On July 1, 1974, plaintiff, Roger A. Ken-worthy, and his wife Greer G. Kenworthy entered into a written stock purchase agreement with defendant, Dr. Ivan F. Caudill, by which the Kenworthys sold to Caudill all of the stock of defendant, Outlook, Inc., which operated a mens’ clothing store in New Orleans. The price consisted of $30,000 in cash and a note for $36,000, payable in quarterly installments beginning on September 1, 1974.

This suit was filed by Kenworthy as the holder of the note on July 17, 1975. He sought $27,000, alleging that the first two quarterly payments had been made for September, 1974, and January, 1975. He also combined in this suit on the note a claim for damages for various reasons following the execution of the note and contract. In response defendants pleaded the affirmative defense of failure of consideration and they asserted a reconventional demand against Kenworthy and a third-party demand against Mrs. Kenworthy for damages allegedly sustained because of Kenworthy’s actions following the execution of the note and contract.

The trial judge rendered judgment in favor of plaintiff against Caudill, Inc. and Dr. Caudill for the balance of $27,000 on the note with interest and attorney’s fees. All other claims of Kenworthy were dismissed. Likewise, all claims asserted by defendants in their reconventional demand and third-party demand were dismissed. From that judgment only the defendants have appealed, but Kenworthy neither appealed nor answered defendants’ appeal, so that the other claims asserted by Kenworthy are not before us. In addition, the appeal was taken only by Caudill, Inc. and Dr. Caudill, but no appeal was taken by Outlook, Inc. so that it is not a party to this appeal.

The trial judge has favored us with the following reasons for judgment:

“The Court is of the opinion that the defendant has failed to prove by that *1231preponderance of the evidence necessary for him to prevail that the balance due on the said note is not due and owing, and there will be judgment in plaintiff’s favor for the balance due on the said note of $27,000.00.
“With reference to defendant’s claim for damages, the Court is of the opinion that defendant has failed to prove by a preponderance of evidence one iota of damages which he may have suffered as the result of any action on the part of the plaintiff.
“There is no question in the Court’s mind that the plaintiff failed to act entirely in good faith during the operation of the two businesses (Lui, Inc., and Outlook, Inc.), and there is further no doubt but that there was misrepresentation in connection with the purchase agreement. However, defendant had admitted that ‘all discrepancies were cleared up’ and he proceeded thereafter without complaint until the businesses failed and these proceedings were instituted. While the actions of the plaintiff may well have caused damage to defendant, defendant has failed to submit any evidence in support thereof which would enable the Court to make any monetary award.”

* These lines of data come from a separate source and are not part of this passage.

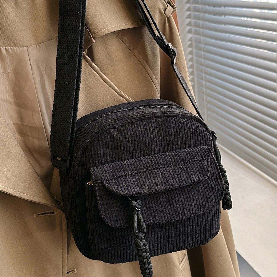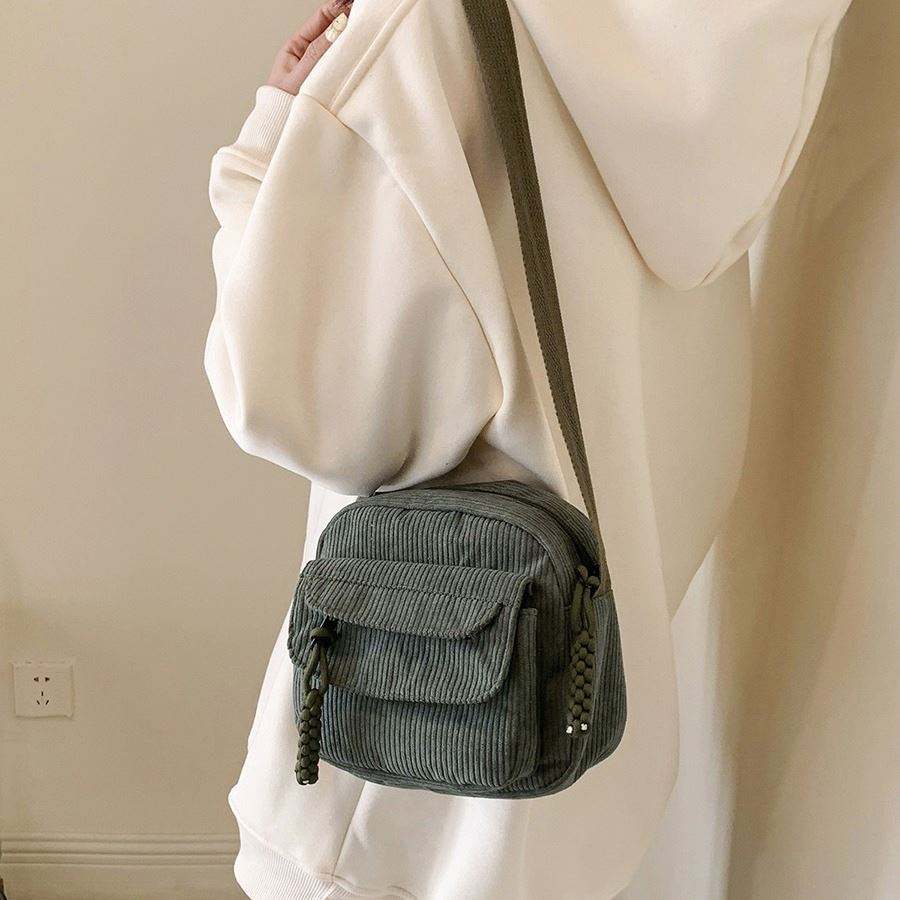 Wholesale Fashion Corduroy Women's Small Single Strap ZIP Closure Shoulder/Crossbody Tote Messenger Bag Cute Student Street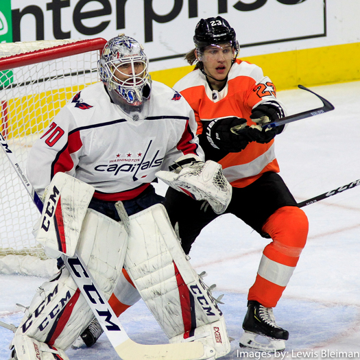Goalie Braden Holtby (#70) of the Washington Capitals and Left Wing Oskar Lindblom (#23) of the Philadelphia Flyers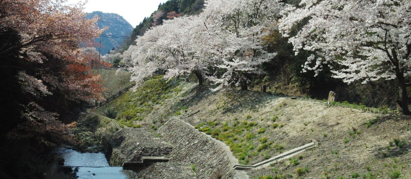 諭鶴羽山系から流れ落ちた水がダムへ注ぐ途中の河畔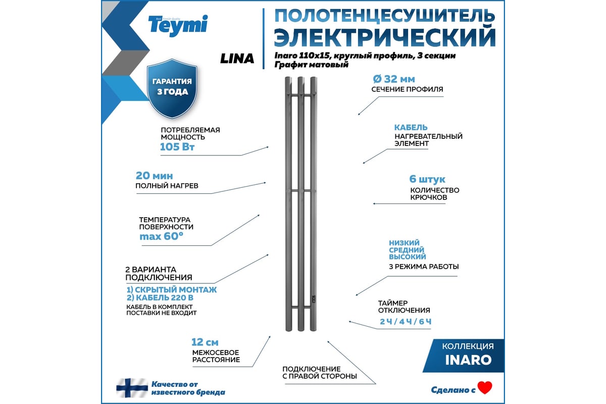 Электрический полотенцесушитель Teymi Lina Inaro 110x15, круглый профиль, 3 секции, с таймером, графит матовый E90118 ЦБ-00268977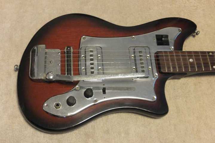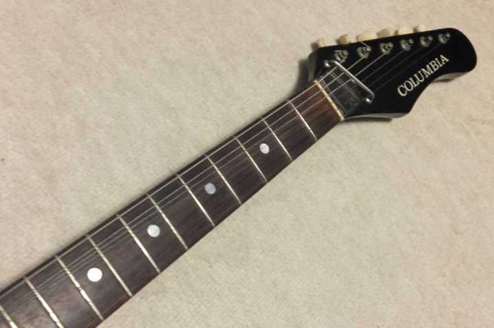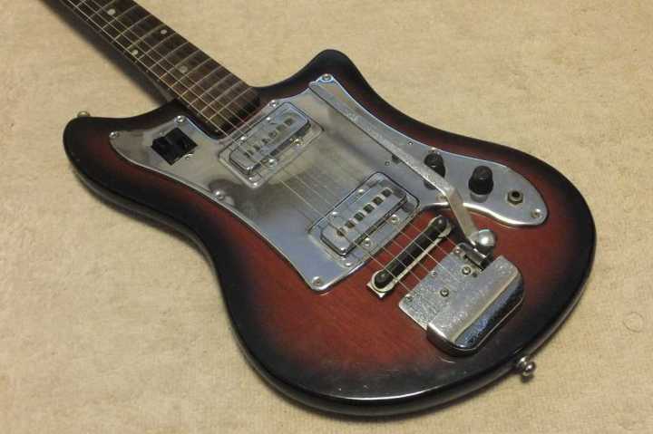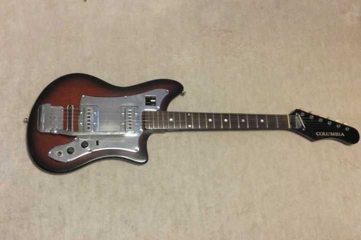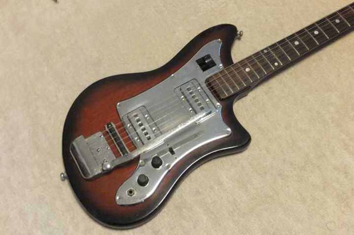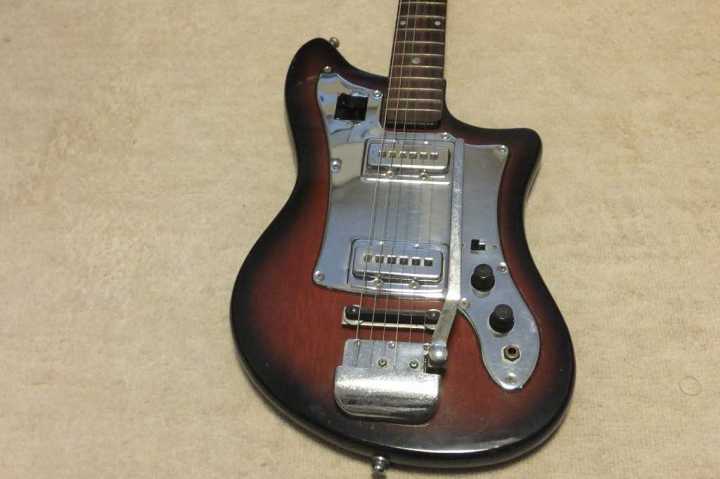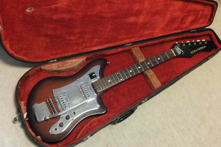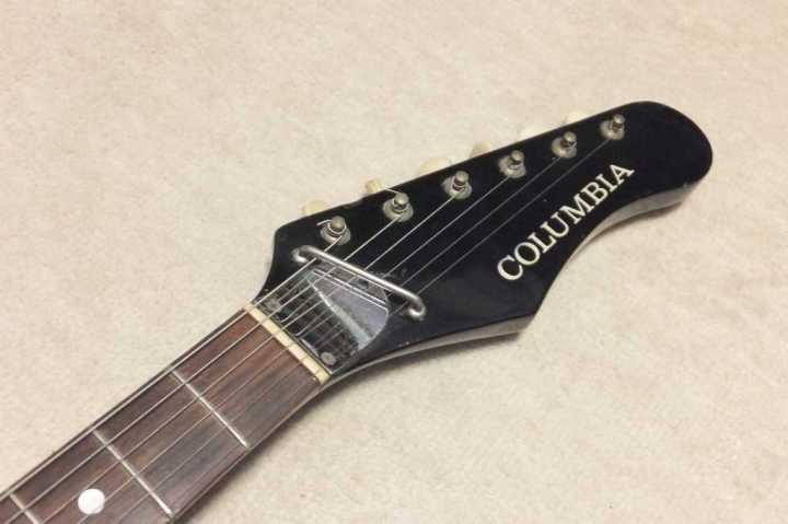 | Columbia Guitar 60's Matsumoku made w/hard case I'm not sure about 60's made guitar. After I got first Columbia guitar, I found out this is CSG-631. This guitar was made in 1964-1966, by Matsumoku. Columbia is not guitar manufacturer. As you can see, they are the record manufacturer. However, in 60's, there are not so many music stores specially for the guitars. Mid 60's, The Ventures made a big booming here. Well, Yamaha, Kawai, Teisco, Guyatone and other manufacturers made the electric guitars and got a huge sales. I can remember that the electric shops and record shops offered those guitars. Well, you could imagine why Columbia started their brand. They just thought easy sales. Japanese Victor also offered their brand electric guitar that time. I bought this guitar not really on purpose. I have got several Teisco and Yamaha 60's model. So, I felt just compare this guitar with others. Well, I didn't expect great tone from this guitar. However, this guitar made me very happy. It is good clean tone. If you will play the blues, this guitar absolutely give you a comfortable tone. No idea about the body and neck material. It is not Mahogany and other good quality wood. However, it is quite good. The body weight is only 3.09Kg The nut is 44 mm. I feel the neck is a bit fat (approx 630mm scale). Generally, this guitar is fine. Currently, the tone is not working. PU selector is fine. But the small selector switch is not working (I'm not sure what is it). If you are looking for 60's JV, this is really good guitar. We are going to send this guitar with original hard case (not good condition, but still can be used). Enjoy old days JV guitar! |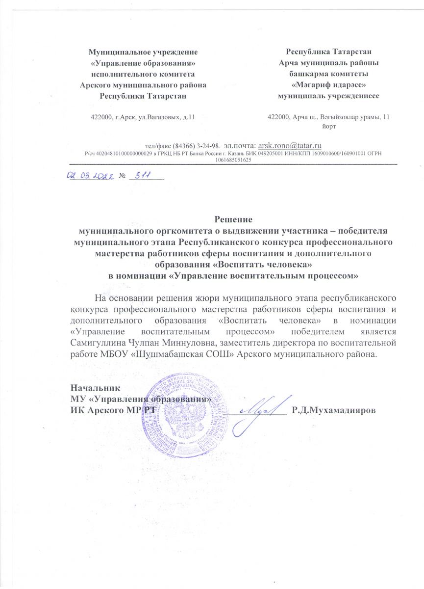 Муниципальное бюджетное общеобразовательное учреждение «Шушмабашская средняя общеобразовательная школа» Арского муниципального района Республики Татарстан/Татарстан Республикасы Арча муниципаль районының “Шушмабаш урта гомуми белем мәктәбе” муниципаль бюджет гомуми белем учреждениесе

At the outset we will address the first specification of error urged by appellants. They contend that the trial court erroneously allocated to them the burden of proof in the case. Pointing to the first quoted paragraph of the trial judge’s reasons they maintain that this is inconsistent with the jurisprudence which holds that even though a plaintiff is entitled to a presumption that the note he sues on is supported by a consideration, if the defendant offers evidence which casts doubt upon the reality of the consideration the ultimate burden of proving consideration by a preponderance of the evidence is on the plaintiff. Andrews v. Williams, 281 So.2d 120 (La.1973), Redi-Spuds, Inc. v. Dickey, 230 La. 406, 83 So.2d 801 (1956), Bernard Brothers v. Dugas, 229 La. 181, 85 So.2d 257 (1956).

We disagree with appellants that there is any inherent contradiction between the statement of the trial court and the cited jurisprudence. Apparently, the trial judge took the position, and we agree, that the testimony and evidence offered by appellants was not even sufficient to make it appear doubtful that full value was given to appellants for the note. Even if some doubt was initially cast on the consideration, however, the evidence does not preponderate in appellants’ favor on their defense to the note.

Appellants were provided with a statement of operations and a balance sheet on Outlook, Inc., dated May 31, 1974, and subsequent to the sale in July they were provided with a statement of Outlook’s condition as of June 30, which contained some substantial discrepancies with the earlier statement. For one, the stockholder’s equity had been reduced from $39,659 to $36,-903. According to appellants this constituted a breach of one of the warranties contained in the sales agreement by which the “assets” were supposed to amount to $40,-000 as of the closing date on July 1. However, whatever rights may have accrued to appellants because of this discrepancy were waived. Dr. Caudill testified that he was paid the difference of $3,097 on August 1 and he was satisfied that this aspect of the problem had been settled. Similarly, the statement of May 1 showed, among Outlook’s assets, an amount due from Lui, Inc. of $15,741, whereas the statement of June 30 received by appellants after the closing showed an amount due from Lui in the amount of $50,682.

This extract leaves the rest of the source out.